Are These America’s Last Days?

How to Tell Patriotism From Anti-Patriotism


I write this in the waning days of either my America or of Trump’s. It is less than one week from the election and I don’t know what kind of country this will be. I’m hoping for the America of my birth, but I’m terrified.


You may think I’m overreacting. Perhaps you’re a Trump supporter, or perhaps you’re an optimist who believes the United States strong enough to withstand eight years of even a madman’s rule. 


I am not an optimist. I’ve long understood we have both patriotism and anti-patriotism in this country, and the anti-patriots have been winning. Both sides claim to love America, but to know the difference, you need only ask someone what makes America great.

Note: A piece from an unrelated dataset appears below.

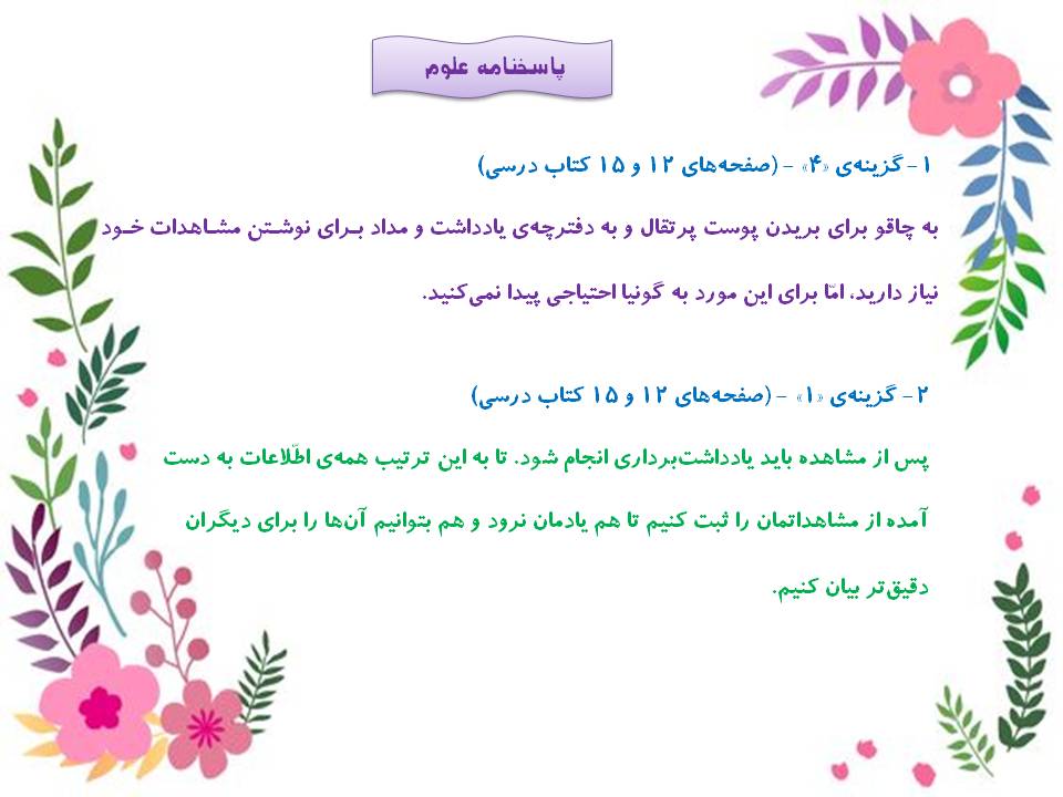 دانش آموزان عزیز سلامامیدواریم مثل همیشه حالتان خوب باشد و هر روز بیشتر از دیروز تلاش کرده و به موفقیت نزدیکتر شوید.در ادامه تصویر نمونه سوالات درس 1 علوم دوم دبستان را برایتان گذاشته ایم.در اینستاگرام نیز با ما همراه باشید.

A patriot’s answer will go something like this: America is great because it’s a place where we are guaranteed basic freedoms by our Constitution and Bill of Rights. We follow the rule of law. We have checks and balances designed to keep any one group from amassing too much power. Our founders explicitly set out to build a country where people could worship or not worship as they pleased and where, at least in theory, everyone has the same rights. 


An anti-patriot’s answer will go something like this: I’m proud to be an American, the best country on Earth. We’re a Christian nation, and our flag is sacred. American Exceptionalism exists because God is blessing us. Everyone else in the world is inferior. Oh, and if you don’t love it, leave it.


A patriot sees a flag as a symbol of our country, much as a spouse sees a wedding ring as a symbol of marriage. The ring is nice, but the marriage is the point.


An anti-patriot sees a flag as worthy of shedding blood over. It’s imbued with magical significance, and as such, it has elaborate rituals that rule how it’s handled. Anti-patriots become violently upset if they see someone disrespecting the flag but aren’t fazed by the death of an undocumented immigrant. The symbol is more important than the values of the country it symbolizes.


Anti-patriots think only Americans are free. (My European spouse is bemused by people who assume he didn’t have basic freedoms before he moved here.)


The genius who came up with the “Make America Great Again” slogan tapped right into the thick vein of anti-patriotism that has always been buried just below the surface. However, implicit in the MAGA tagline is an uncomfortable acknowledgement that we have lost some of our greatness. I blame things like income equality, while anti-patriots have other scapegoats. No country’s golden age lasts forever. My husband’s country had its turn in the 1600s and is still a wonderful place with much to admire and even covet. May the U.S. fare as well when our golden age is definitely behind us.


If any anti-patriots are still reading this, they’re angry. How dare I say such things? They cannot understand patriots’ visceral hatred of Trump. I cannot understand how anybody can stomach him. We all lived the last four years in real time and you either see it or you don’t. But more than a third of Americans love the guy, and the rest of us hate his guts.


My husband’s parents and other older relatives lived through the Nazi occupation of the Netherlands. Thousands of people, right now, live in miserable refugee camps all over the world because their own countries have become unsafe. I am fairly certain things aren’t going to get quite that dire here, but who knows? Ask Native Americans, Japanese-Americans and undocumented immigrant children what they think about our track record. Sinclair Lewis wrote “It Can’t Happen Here” in 1935, and if you read it, you won’t be able to stop seeing the similarities to what’s happening today. You probably know people considering a move to Canada or stocking up on beans and rice — and possibly guns and ammo. Why do we think it can’t happen here? It already is. Whether it will continue depends on what happens next week. 


I bought a few dozen miniature flags at some point when I was naively sure Trump was about to be ousted. I planned to celebrate his removal by walking through crowds and handing them out to others. I put away the flags when it became clear Trump wasn’t going anywhere. As a patriot, I understand my little flags are only symbols and not of any real importance. But if my country survives this election, I plan to smile under my mask and hand them all out in celebration.